Anne Yelsey
- Country (sports): United States
- Born: August 28, 1985 (age 40)
- Turned pro: 2002
- Plays: Right handed (two-handed backhand)
- Prize money: $42,911

Singles
- Career record: 61–54
- Career titles: 0 WTA, 1 ITF
- Highest ranking: No. 370 (18 August 2008)

Doubles
- Career record: 31–35
- Career titles: 0 WTA, 4 ITF
- Highest ranking: No. 278 (28 July 2008)

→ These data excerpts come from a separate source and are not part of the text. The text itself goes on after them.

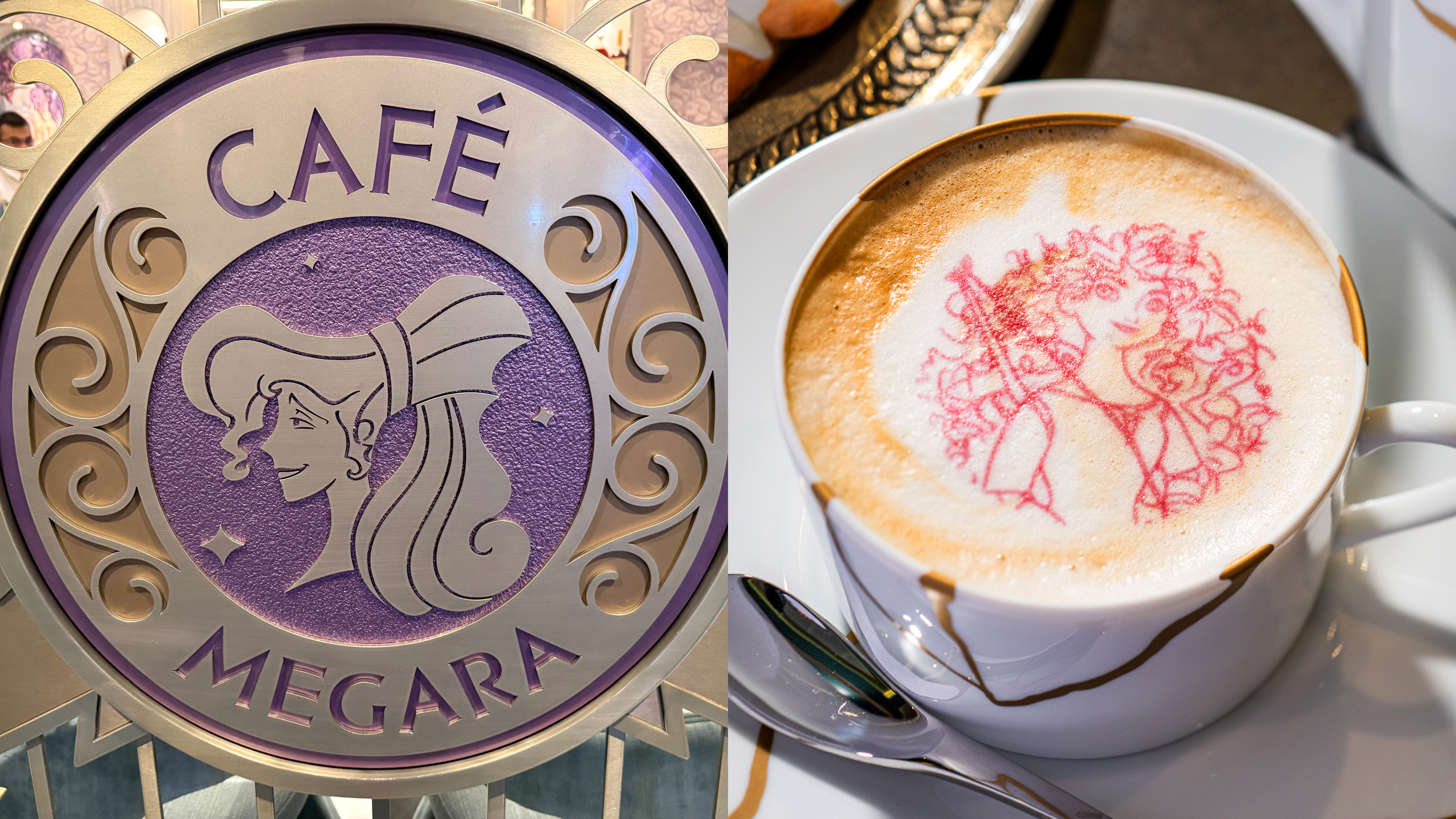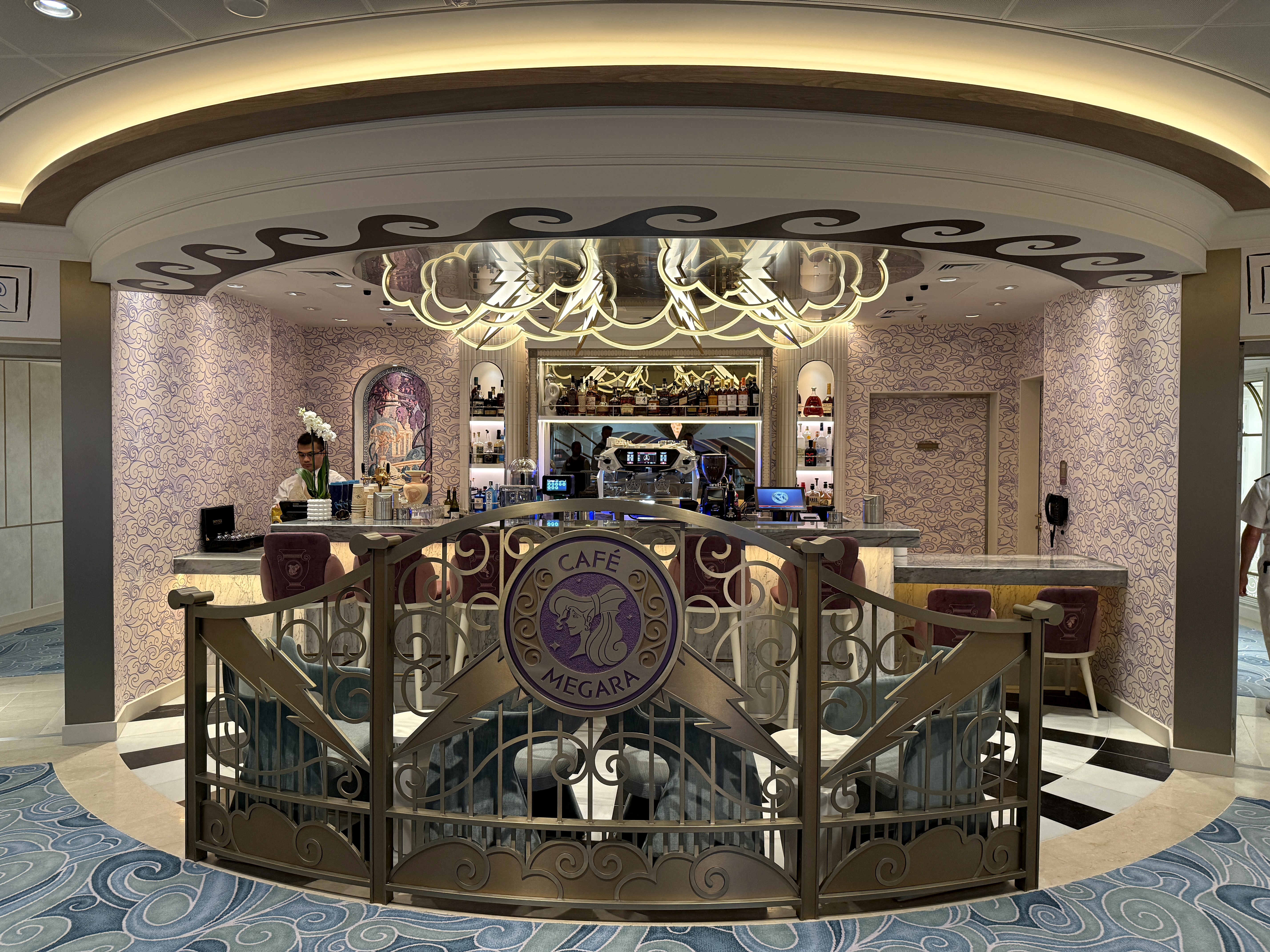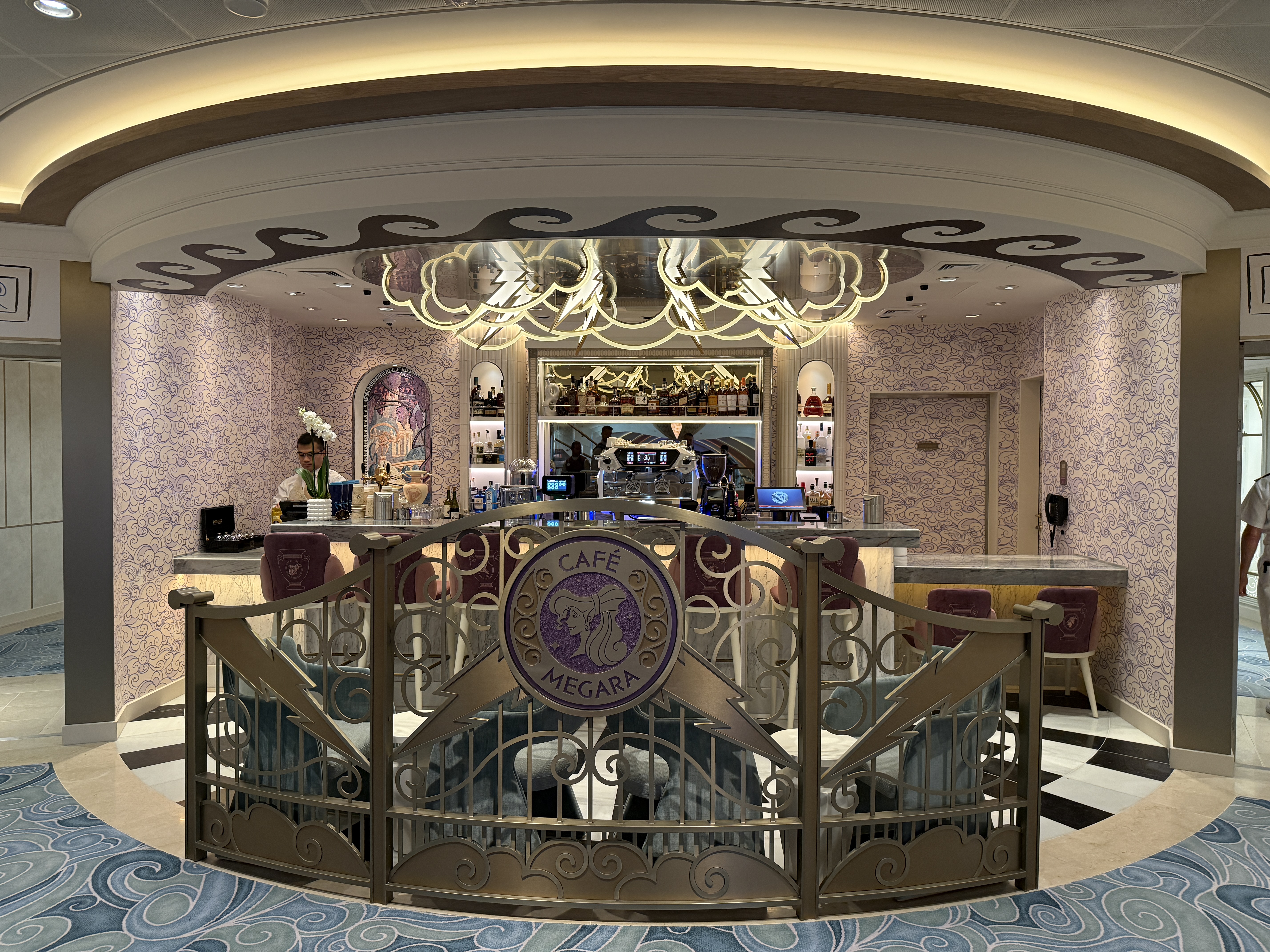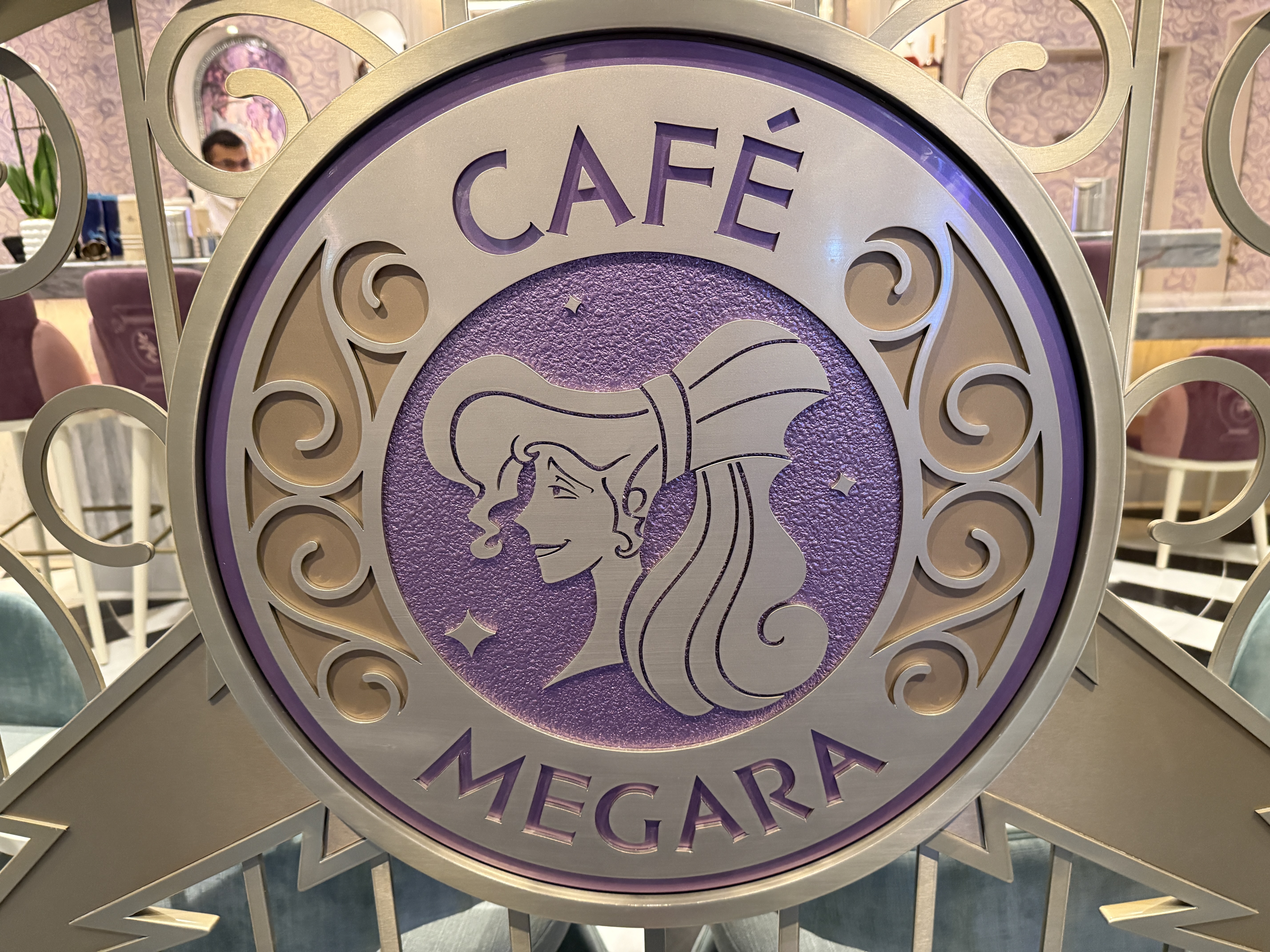 The first is Cafe Megara, themed to the girl who can't say she's in love from Hercules. Located on Deck 4, this cafe features Greek-inspired design elements straight out the film.
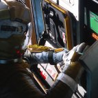 Масса куска скафандра и оторванной руки, тоже, "чуток" ниже массы оставшегося субъекта. Третий закон Ньютона чуточку не так работает, как запомнилось автору этого чудо-эпизода.
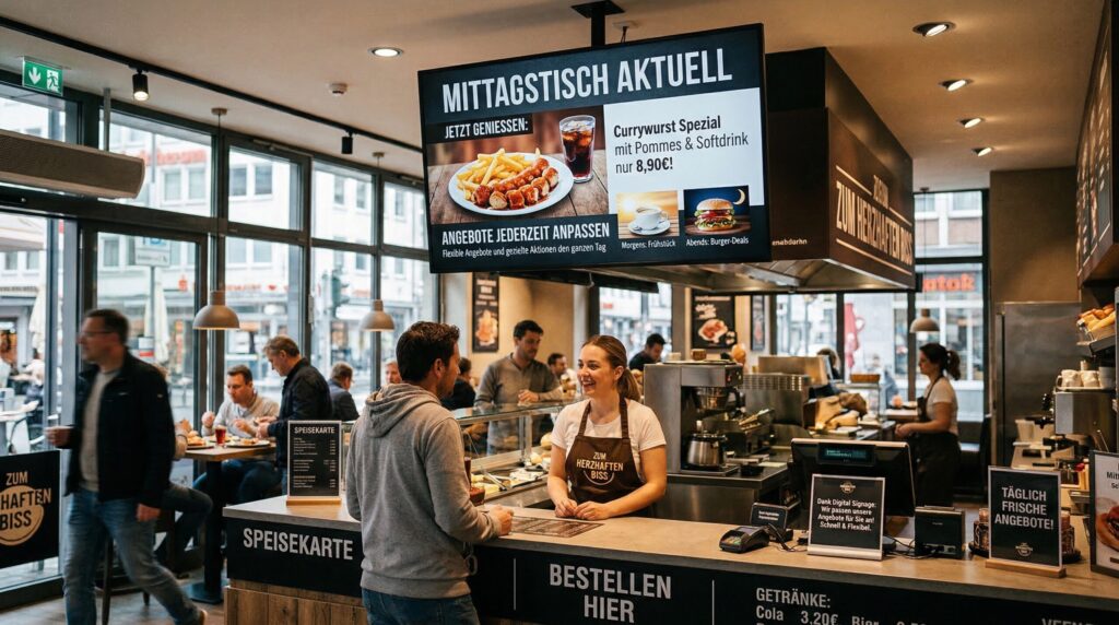 Außerdem erhöht sich die Aufmerksamkeit um bis zu 60 %, weil bewegte Inhalte stärker wahrgenommen werden als klassische Tafeln. Gleichzeitig können durch klare Darstellung die Bestellzeiten um bis zu 20 % reduziert werden, was besonders zu Stoßzeiten für mehr Verkäufe sorgt.
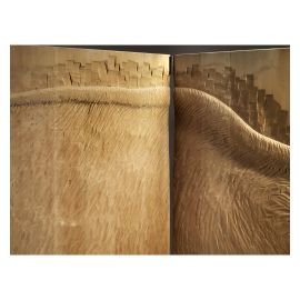 in legno scolpito composto da due elementi da tre ante ciascuno
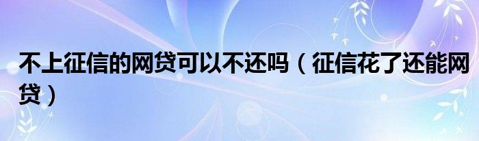 关于不上征信的网贷可以不还吗,征信花了还能网贷这个很多人还不知道,今天菲菲来为大家解答以上的问题,现在让我们一起来看看吧!
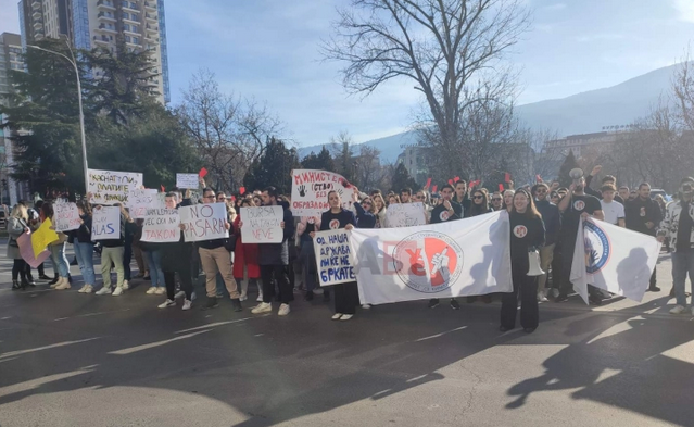 „Сакаме промени, сакаме одговорност“ извикуваат студентите кои револтот го изразуваат со свирежи, транспаренти и „црвени картони“, собрани на булеварот пред МОН, кој е затворен за сообраќај.
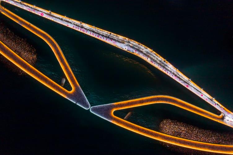 Kết cấu của cây cầu gần như là một “thách thức” với trí tưởng tượng, khi hai nhánh cầu dài 400m mềm mại vươn ra gặp nhau ở lưng chừng trời, và cách nhau 30cm – một khoảng cách vừa đủ để hai người chạm được vào nhau và trao nhau nụ hôn. Bạn Hoàng Nam (21 tuổi – Hà Nội) chia sẻ: “Hai nhánh cầu vừa giống như dải lụa mềm, vừa lại giống chiếc phi thuyền đáp xuống từ một hành tinh nào xa lạ. Ở một góc nhìn khác, hai mũi cầu lại giống như hai chú cá heo trong vũ điệu của tình yêu. Có thể nói, kiến trúc của cây cầu này thực sự kích thích trí tưởng tượng và sức sáng tạo của con người”.
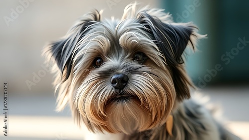 Tibetan terrier with fluffy coat, portrait with natural side lighting.
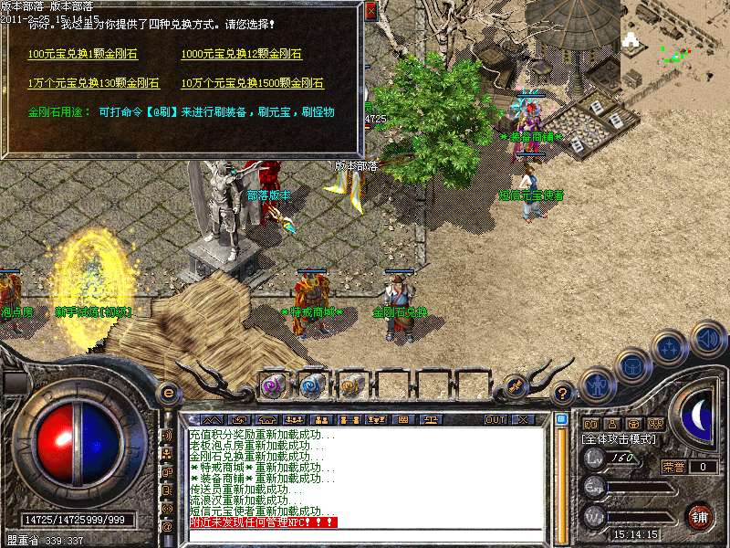 刷装备说明:刷装备、元宝、怪物都需要一定的金刚石,金刚石可以用元宝兑换。比例有一定的差异!
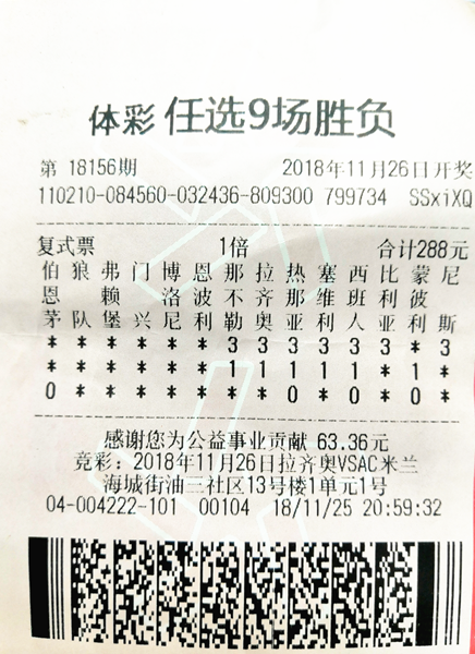 根据孟先生提供的中奖彩票显示,在本期投注中,孟先生以伯恩茅“0”、那不勒“31”、拉齐奥“31”、热那亚“310”、赛维利“31”、西班人“310”、比利亚“3”、蒙彼利“10”、尼斯“3”投注了一张面值为288元的复式票。正是这张复式票,孟先生**猜中冷门,以288元的投入换取了10多万元的奖金回报。
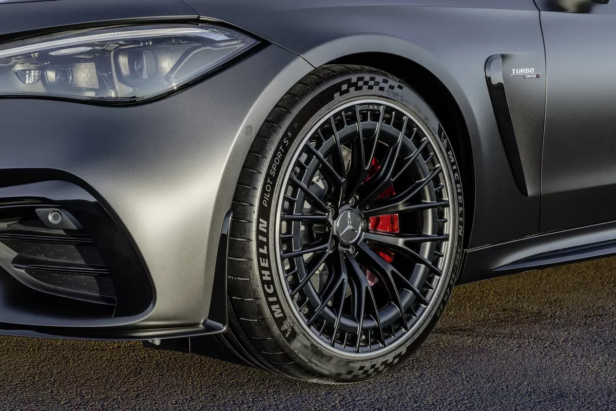 Přední nárazník je v prostřední části vyvýšen (čím vytváří decentní křídlo ve tvaru písmene A). Tím je zajištěn přívod většího množství vzduchu do motorového prostoru. Týká se to i vnějších vstupů vzduchu se dvěma příčnými lamelami. Při pohledu z boku jsou nejvíce patrné výrazně pojaté hrany. Rozšířené přední a zadní blatníky, široký rozchod kol (+58 mm vpředu a +75 mm vzadu ve srovnání s výchozím kupé Mercedes‑Benz) a standardně 19palcová kola přispívají k celkově sportovnější vizáži. Na přání jsou k dispozici 20palcové ráfky.
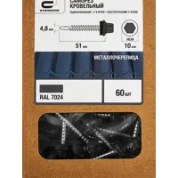 Саморезы кровельные по дереву Standers с пресс-шайбой RAL7024 4.8×51 60 шт.
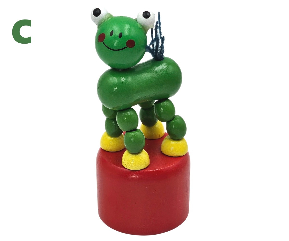 Objavte čaro klasickej drevenej hračky, ktorá rozvíja detskú fantáziu aj jemnú motoriku. Po stlačení podstavca sa zvieratko rozhýbe, komicky sa zahupne a roztancuje – ideálne na krátke hravé chvíľky doma aj na cestách.
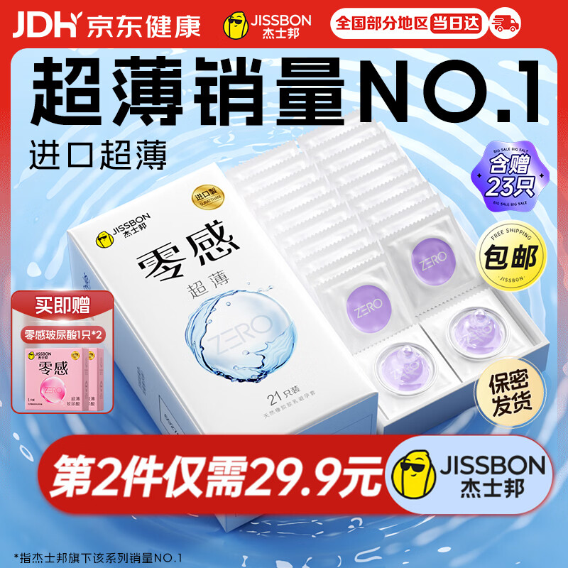 杰士邦避孕套超薄安全套套零感23只001隐形裸感byt男专用含赠计生情趣
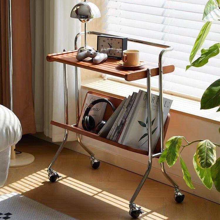 b中古可移动小推车沙发边几客厅复古实木茶几杂志书架床头置物架
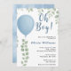 Oh Boy Eucalyptus Blue Balloon Baby Shower Inbjudningar

Grand Slam doubles results
- US Open: 1R (2003, 2006)

= Anne Yelsey =

American tennis player

Anne Yelsey (born August 28, 1985) is an American former professional tennis player.

She has numerous ITF Women's Circuit titles. Her career high ranking is number 370 achieved on 18 August 2008. Her career high doubles ranking is 278th achieved on the 28 July 2008.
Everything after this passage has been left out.